"Above all else, deep in my soul, I'm a tough Irishwoman"
About this Quote
O’Hara’s star persona was built on a particular kind of cinematic strength: not the hardboiled noir archetype, but the woman who could meet a man’s gaze in a Technicolor close-up and not blink. In films like The Quiet Man, Irishness becomes a stage for passion, stubbornness, and moral certainty; her accent, temper, and pride are not quirks to be softened but engines of the story. Offscreen, that same framing doubles as armor. Hollywood loved "Irish" as romance and scenery. O’Hara weaponizes it as lineage and temperament.

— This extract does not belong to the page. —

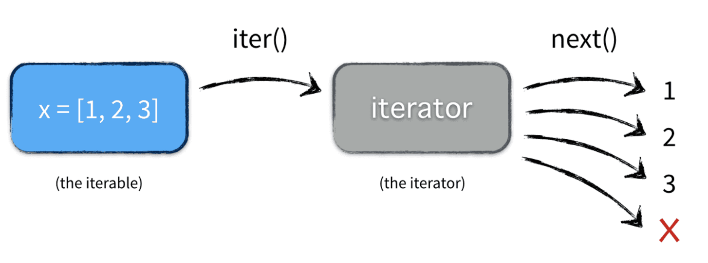那么什么迭代器呢?它是一个带状态的对象,他能在你调用 next() 方法的时候返回容器中的下一个值,任何实现了 __next__() 方法的对象都是迭代器,至于它是如何实现的这并不重要。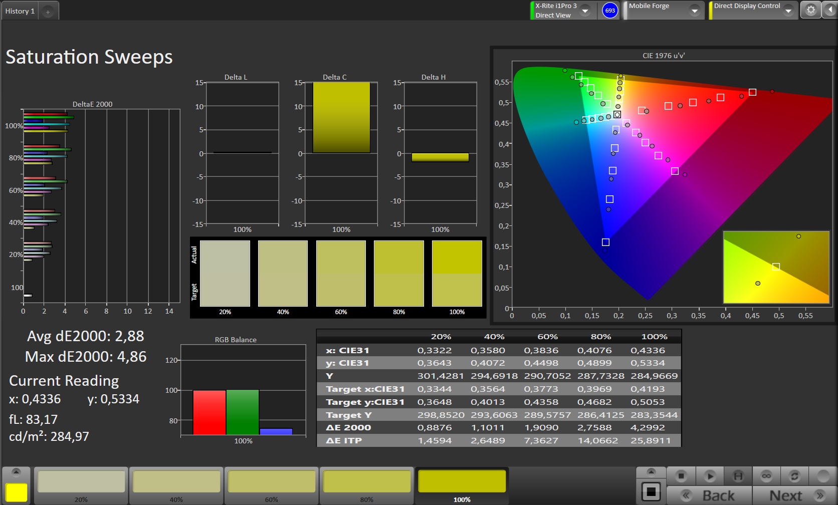 Az IPS-kijelző állítólag 600 nits tipikus fényerővel rendelkezik. A 2,5K-s képernyő ezt az ígéreteknek megfelelően tiszta fehér háttérrel kezeli, kisebb képkivágásoknál (APL18) kissé megnőve 762 cd/m²-re. Az IdeaTab Plus könnyen használható a szabadban, amennyiben kerüljük a közvetlen napfényt.

The subtext is gendered resilience with an immigrant edge. "Above all else" suggests every other label - actress, star, beauty, even celebrity - is secondary to a core self that can’t be negotiated by studios, gossip columns, or male co-stars. "Irishwoman" matters as a fusion word: nationality and womanhood locked together, refusing the idea that toughness is borrowed from masculinity. It’s a declaration of authorship over her image, delivered in the plain, defiant register that made audiences believe she’d win the argument and the scene.
Quote Details
| Topic | Resilience |
|---|---|
| Source | Help us find the source |
| Cite |
Citation Formats
APA Style (7th ed.)
O'Hara, Maureen. (2026, January 15). Above all else, deep in my soul, I'm a tough Irishwoman. FixQuotes. https://fixquotes.com/quotes/above-all-else-deep-in-my-soul-im-a-tough-152432/
Chicago Style
O'Hara, Maureen. "Above all else, deep in my soul, I'm a tough Irishwoman." FixQuotes. January 15, 2026. https://fixquotes.com/quotes/above-all-else-deep-in-my-soul-im-a-tough-152432/.
MLA Style (9th ed.)
"Above all else, deep in my soul, I'm a tough Irishwoman." FixQuotes, 15 Jan. 2026, https://fixquotes.com/quotes/above-all-else-deep-in-my-soul-im-a-tough-152432/. Accessed 12 Feb. 2026.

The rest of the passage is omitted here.